* **REQUIRED ACTION**
Write out every entry exactly as it appears, omitting the pictures.

* **DATA SECTION**
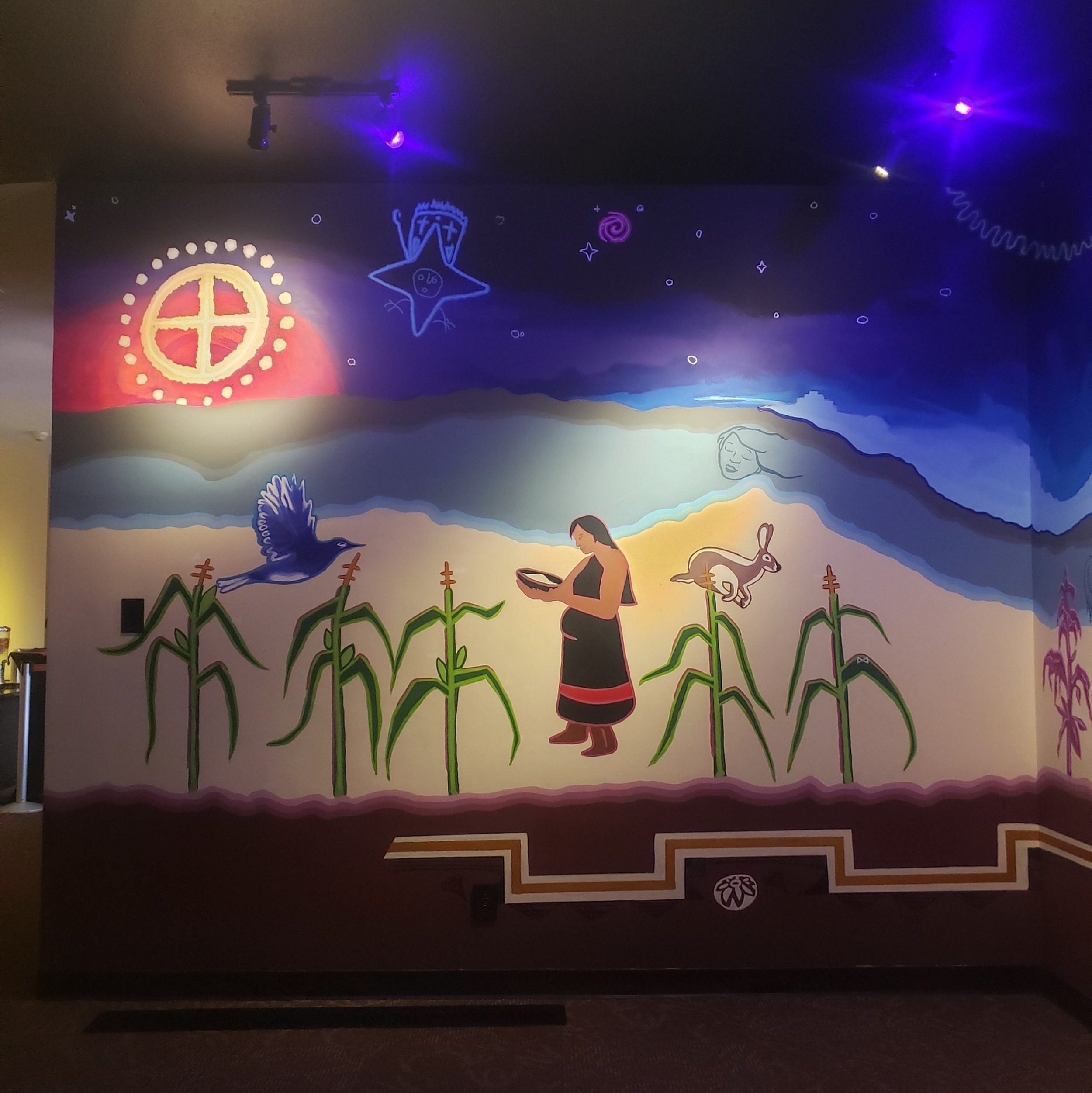We honor Corn Maiden as the storyteller at the center of this mural. Corn Mother, or Corn Maiden, is the giver of life. She is synonymous with Mother Earth and represents growth, life, creativity and the feminine aspects of the world. In traditional storyteller fashion, she carries the stories and she is the mother to the children who sit on her lap who she cradles with her knowledge.
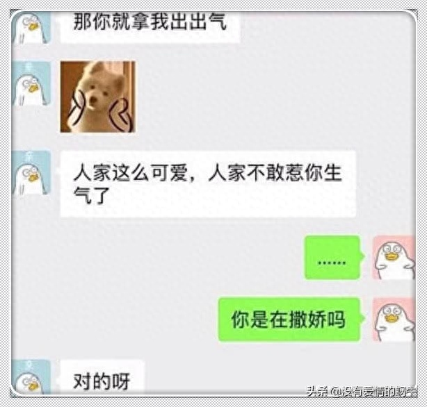女生应该是因为什么事情不高兴,男生就说让女生拿他出气,还说自己很可爱,不敢惹女友生气,还发了一个小表情。对于这样的男生,女生怎么会反感呢?女生问男生是在撒娇吗?男生很直白的说对的呀,这样的男友请给我来一打!
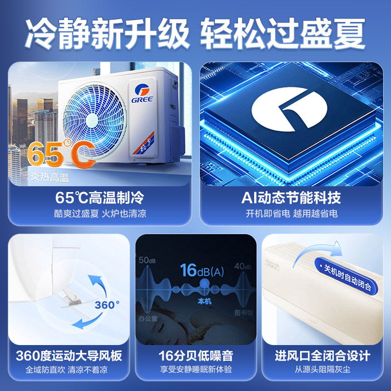 【格力官方旗舰店】新一级能效1.5匹空调大1匹变频家用挂机全能王
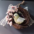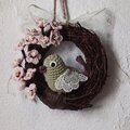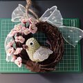 レース編みの梅とうぐいすのあみぐるみのリースです。
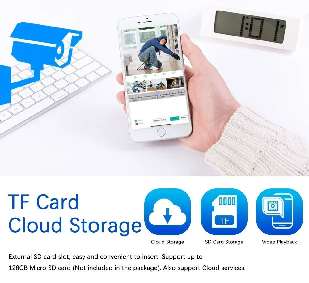 The camera supports up to 128GB TF card local backup and also provides cloud storage service(Need to pay extra cost)

* **TASK RESPONSE**
We honor Corn Maiden as the storyteller at the center of this mural. Corn Mother, or Corn Maiden, is the giver of life. She is synonymous with Mother Earth and represents growth, life, creativity and the feminine aspects of the world. In traditional storyteller fashion, she carries the stories and she is the mother to the children who sit on her lap who she cradles with her knowledge.
女生应该是因为什么事情不高兴,男生就说让女生拿他出气,还说自己很可爱,不敢惹女友生气,还发了一个小表情。对于这样的男生,女生怎么会反感呢?女生问男生是在撒娇吗?男生很直白的说对的呀,这样的男友请给我来一打!
 【格力官方旗舰店】新一级能效1.5匹空调大1匹变频家用挂机全能王
 レース編みの梅とうぐいすのあみぐるみのリースです。
 The camera supports up to 128GB TF card local backup and also provides cloud storage service(Need to pay extra cost)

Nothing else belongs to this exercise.